### WHAT TO DO
Only the lines from the one with "قابلیت ها: اسنک" through the end of the data below belong in the answer, restated word for word, pictures excluded.

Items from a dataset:
▶

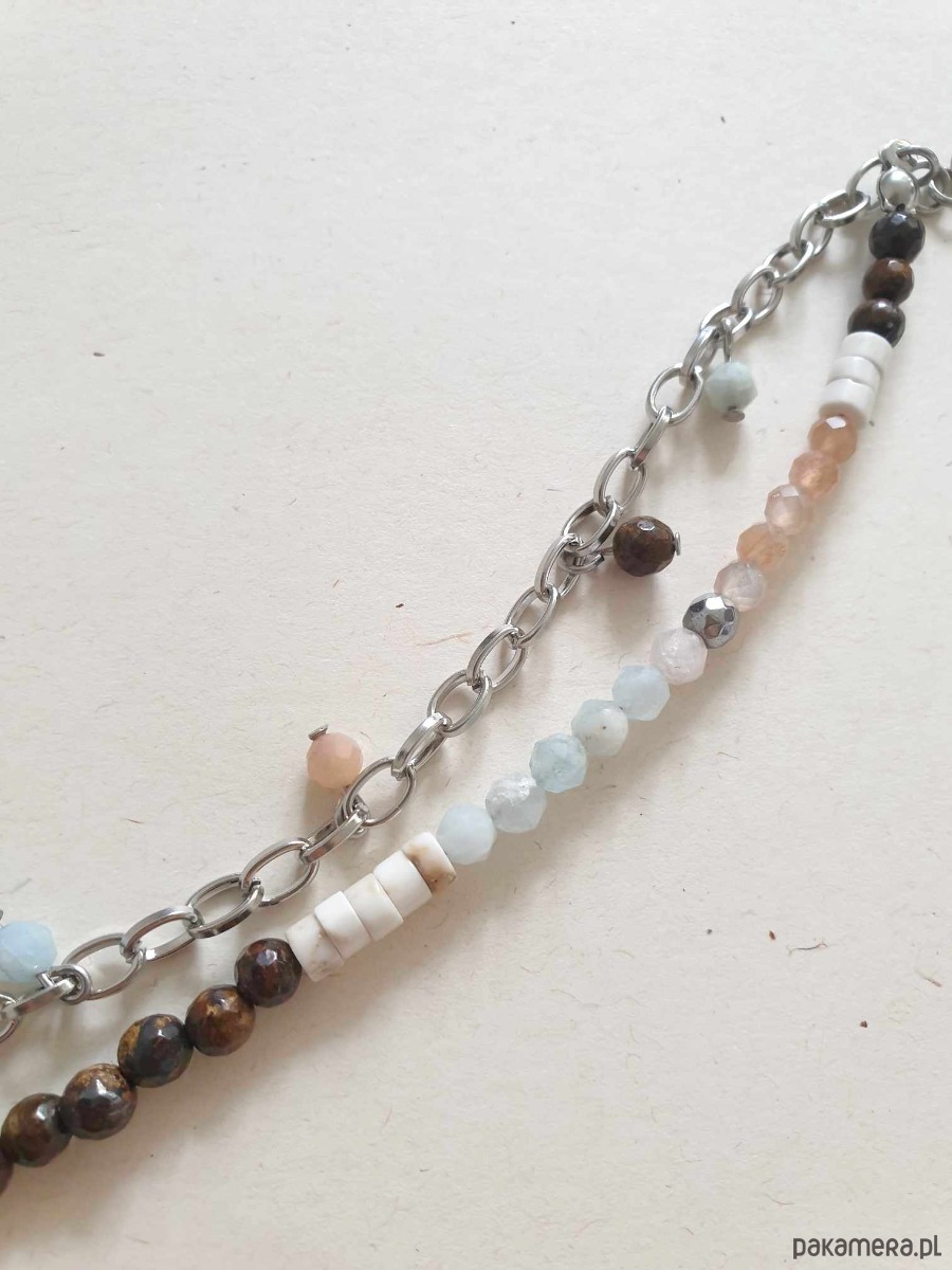 Bransoletka podwójna z łańcuszkiem i kulkami, tworzona ręcznie z kamieni naturalnych, elementów ze stali szlachetnej (antyalergicznej) W tej - fasetowany morganit, bronzyt, kamień słoneczny, howlit, hematyt.
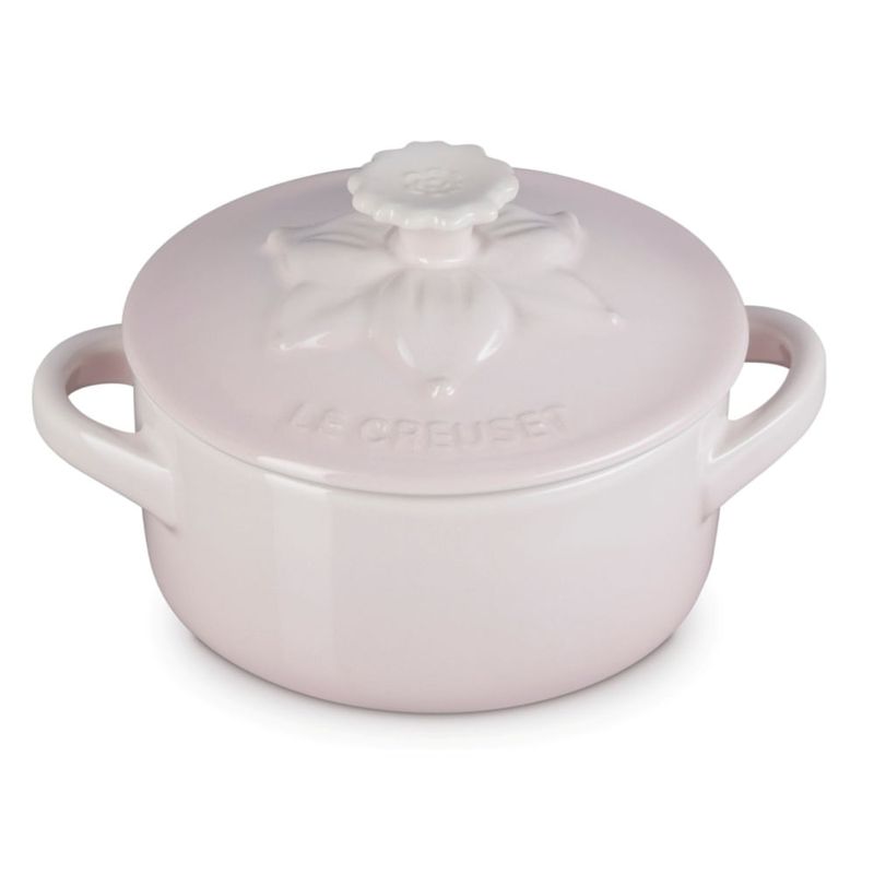 MINI COCOTTE LE CREUSET JARDIN 250ML 10CM EM CERAMICA COM RELEVO SHELL PINK 80043257770003
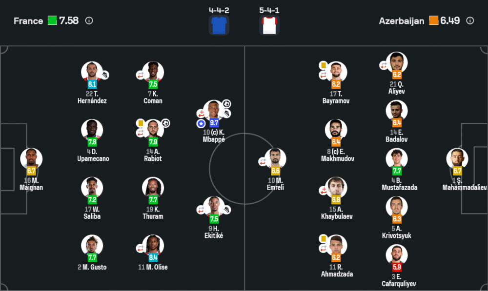 ด้านอาเซอร์ไบจานวางแท็คติก 5-4-1 เน้นตั้งรับลึกและบีบพื้นที่หน้ากรอบเขตโทษ แต่มักเปิดช่องให้ฝรั่งเศสเจาะจากจังหวะสวนเร็วและครอสด้านข้าง ขาดความดุดันในการสวนกลับ จึงไม่สามารถสร้างแรงกดดันได้เลยตลอดทั้งเกม ซึ่งในเชิง วิเคราะห์บอล นี่คือเกมที่แสดงให้เห็นชัดว่า “ความแตกต่างของคุณภาพนักเตะ” สามารถพลิกเกมตั้งแต่ครึ่งแรกได้
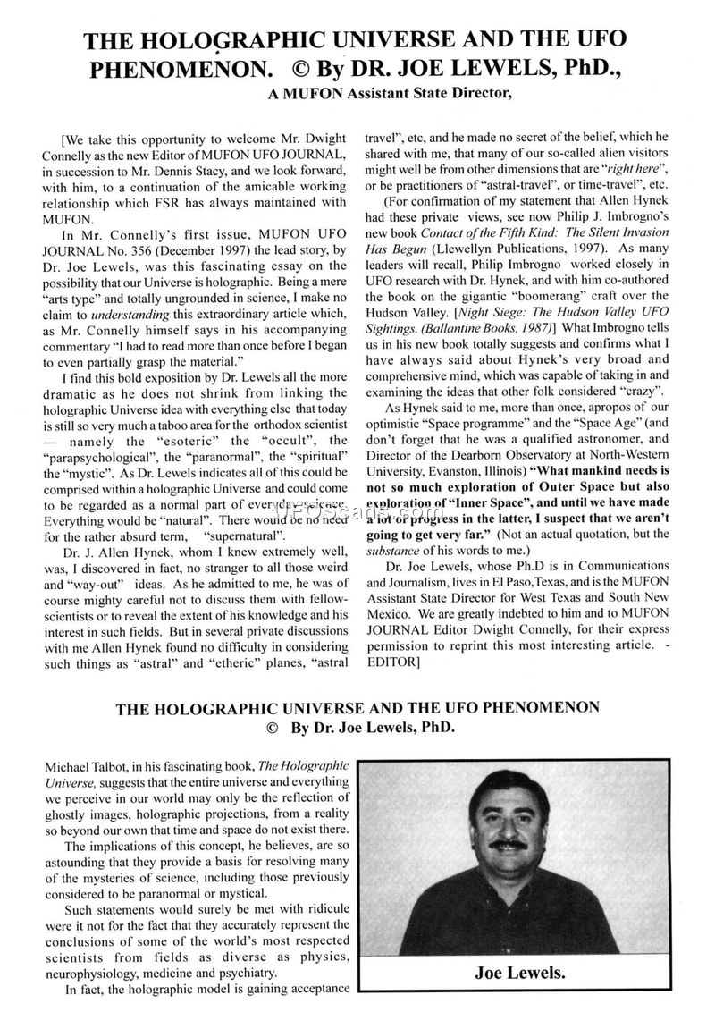 This document, published in the December 1997 issue of the MUFON UFO JOURNAL, features an essay by Dr. Joe Lewels titled 'The Holographic Universe and the UFO Phenomenon.' The text introduces the holographic model of the universe, popularized by Michael Talbot, which suggests that the perceived physical world is a projection from a deeper reality where space and time do not exist in the traditional sense. Dr. Lewels argues that this model, supported by the work of physicists like David Bohm and neurophysiologists like Karl Pribram, offers a scientific framework to explain UFOs, alien abductions, and paranormal events. The author contends that if the universe is holographic, then phenomena previously dismissed as supernatural—such as alien craft appearing and disappearing, passing through solid objects, or traveling vast distances instantaneously—can be understood as manifestations of non-locality. The document highlights the work of various researchers, including Dr. J. Allen Hynek, Dr. Raymond Moody, and Dr. Brian Weiss, to bridge the gap between mainstream science and the study of anomalous phenomena. It suggests that ufologists should embrace these quantum principles to move beyond 'nuts-and-bolts' analysis. Additionally, the document includes a brief mention of the 1976 Teheran UFO incident, noting that it involved multiple witnesses and an attempt by Iranian F-4 Phantoms to intercept an unknown object. The article concludes by emphasizing that the holographic model may eventually lead the scientific community to accept ufology as a legitimate field of inquiry.
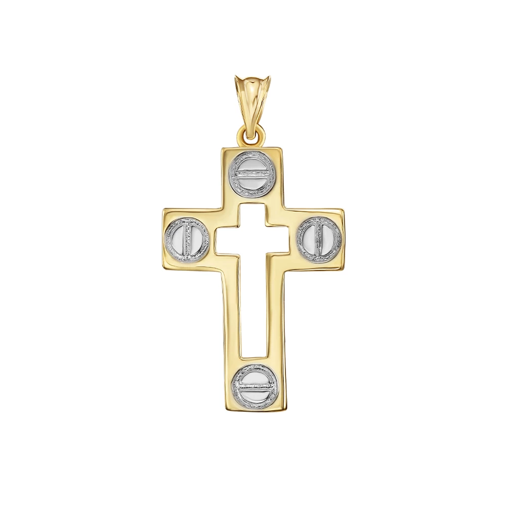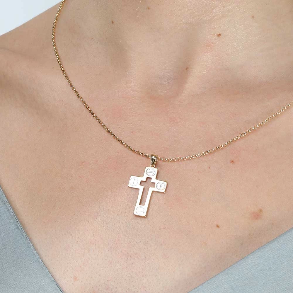 <p><strong>Размер:</strong></p> <p>Ширина 1,9 см</p> <p>Высота с ушком 3,3 см</p> <p>Высота без ушка 2,8 см</p> <p>Размер ушка 0,6 мм * 0,4 мм</p> <h2><strong>Золотой крестик.</strong></h2> <p>Наш дизайнерський крестик, выполненный в сочетании белого и красного золота 585 пробы, - это истинное мастерство ювелирного искусства. Уникальный дизайн, вдохновленный украшениями бренда Cartier, в сочетании с качеством материала, создают непревзойденный аксессуар. С вставками в виде винтиков из белого золота 585 пробы, он отражает изысканный вкус своего владельца и его особое видение стиля.</p> <p>Неповторимый дизайн сделает его прекрасным дополнением к любому образу - как повседневному, так и праздничному. Безупречный декор, удобный размер и универсальное ушко, подходящее под разные цепочки и шнурки, делают этот крестик уникальным произведением ювелирного искусства.</p> <p>Религиозные надписи на крестике отсутствуют.</p>
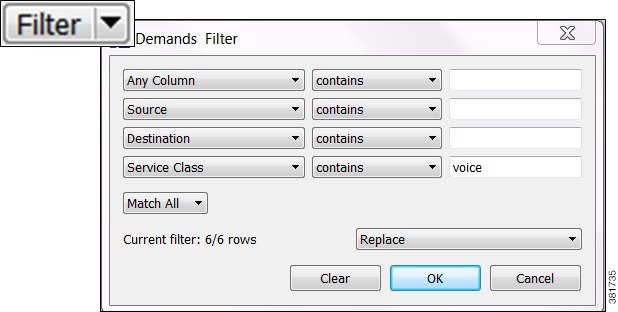 Click the Demands tab to show the Demands table. Notice that this network contains only six demands, all from the er1.lon edge node in the LON site to the edge notes in other sites. |
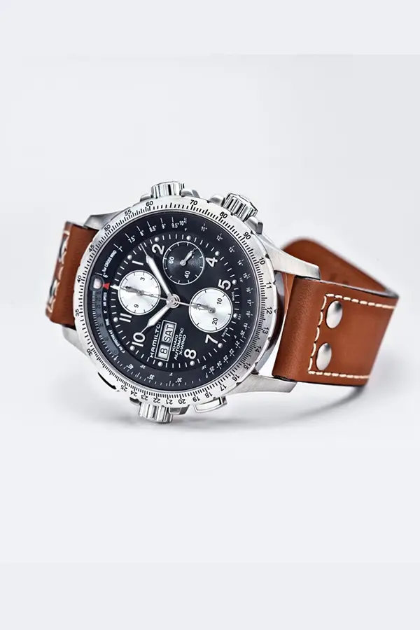 The Khaki Aviation models feature excellent legibility, rugged construction and precision movements. There are classic three-hand models as well as watches with complications such as GMT, chronograph, day and date, and altitude measurement. Cases are often made of steel or titanium, complete with distinctive crowns and dials inspired by on-board instruments.
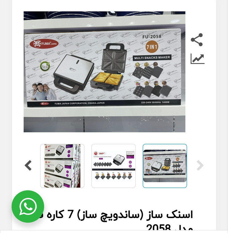قابلیت ها: اسنک ساز / گریل / وافل ساز دو مدل / کاپ کیک / دونات / گردو روسی /
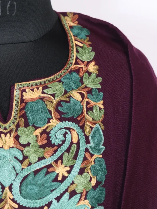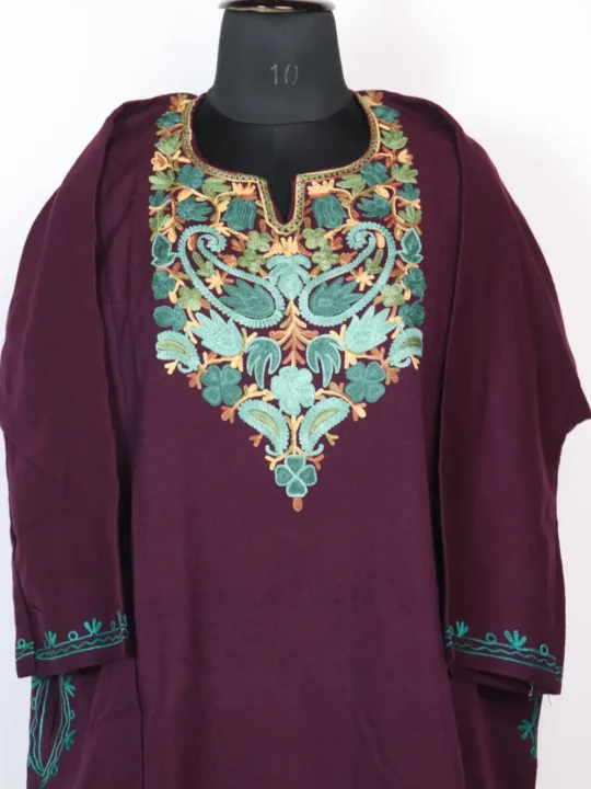 A refined purple Pheran in Cashmilon Wool with badam motif embroidery done at neckline. It comes in 56 inch chest size and 43 length that makes it comfortable and easy to wear.
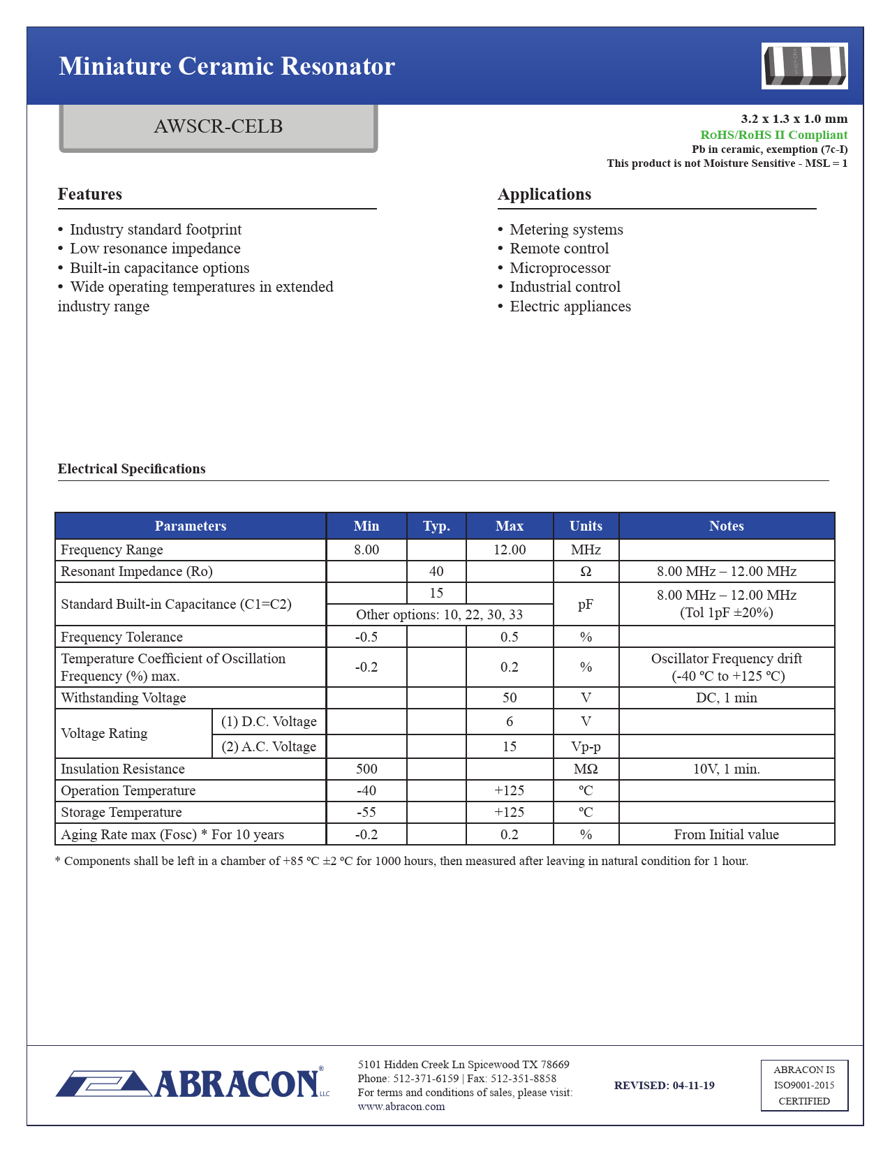 Miniature Ceramic Resonator3.2 x 1.3 x 1.0 mm AWSCR-CELB RoHS/RoHS II CompliantPb in ceramic, exemption (7c-I)This product is not Moisture Sensitive - MSL = 1FeaturesApplications• Industry standard footprint • Metering systems • Low resonance impedance • Remote control • Built-in capacitance options • Microprocessor • Wide operating temperatures in extended • Industrial control industry range • Electric appliances Electrical SpecificationsParametersMinTyp.MaxUnitsNotes Frequency Range 8.00 12.00 MHz Resonant Impedance (Ro) 40 Ω 8.00 MHz – 12.00 MHz 15 Standard Built-in Capacitance (C1=C2) pF 8.00 MHz – 12.00 MHz Other options: 10, 22, 30, 33 (Tol 1pF ±20%) Frequency Tolerance -0.5 0.5 % Temperature Coefficient of Oscillation Frequency (%) max. -0.2 0.2 % Oscillator Frequency drift (-40 ºC to +125 ºC) Withstanding Voltage 50 V DC, 1 min (1) D.C. Voltage 6 V Voltage Rating (2) A.C. Voltage 15 Vp-p Insulation Resistance 500 MΩ 10V, 1 min. Operation Temperature -40 +125 ºC Storage Temperature -55 +125 ºC Aging Rate max (Fosc) * For 10 years -0.2 0.2 % From Initial value * Components shall be left in a chamber of +85 ºC ±2 ºC for 1000 hours, then measured after leaving in natural condition for 1 hour. 5101 Hidden Creek Ln Spicewood TX 78669 ABRACON IS Phone: 512-371-6159 | Fax: 512-351-8858 REVISED: 04-11-19 ISO9001-2015 LLC For terms and conditions of sales, please visit: CERTIFIED www.abracon.com

◀

### TASK ANSWER
قابلیت ها: اسنک ساز / گریل / وافل ساز دو مدل / کاپ کیک / دونات / گردو روسی /
 A refined purple Pheran in Cashmilon Wool with badam motif embroidery done at neckline. It comes in 56 inch chest size and 43 length that makes it comfortable and easy to wear.
 Miniature Ceramic Resonator3.2 x 1.3 x 1.0 mm AWSCR-CELB RoHS/RoHS II CompliantPb in ceramic, exemption (7c-I)This product is not Moisture Sensitive - MSL = 1FeaturesApplications• Industry standard footprint • Metering systems • Low resonance impedance • Remote control • Built-in capacitance options • Microprocessor • Wide operating temperatures in extended • Industrial control industry range • Electric appliances Electrical SpecificationsParametersMinTyp.MaxUnitsNotes Frequency Range 8.00 12.00 MHz Resonant Impedance (Ro) 40 Ω 8.00 MHz – 12.00 MHz 15 Standard Built-in Capacitance (C1=C2) pF 8.00 MHz – 12.00 MHz Other options: 10, 22, 30, 33 (Tol 1pF ±20%) Frequency Tolerance -0.5 0.5 % Temperature Coefficient of Oscillation Frequency (%) max. -0.2 0.2 % Oscillator Frequency drift (-40 ºC to +125 ºC) Withstanding Voltage 50 V DC, 1 min (1) D.C. Voltage 6 V Voltage Rating (2) A.C. Voltage 15 Vp-p Insulation Resistance 500 MΩ 10V, 1 min. Operation Temperature -40 +125 ºC Storage Temperature -55 +125 ºC Aging Rate max (Fosc) * For 10 years -0.2 0.2 % From Initial value * Components shall be left in a chamber of +85 ºC ±2 ºC for 1000 hours, then measured after leaving in natural condition for 1 hour. 5101 Hidden Creek Ln Spicewood TX 78669 ABRACON IS Phone: 512-371-6159 | Fax: 512-351-8858 REVISED: 04-11-19 ISO9001-2015 LLC For terms and conditions of sales, please visit: CERTIFIED www.abracon.com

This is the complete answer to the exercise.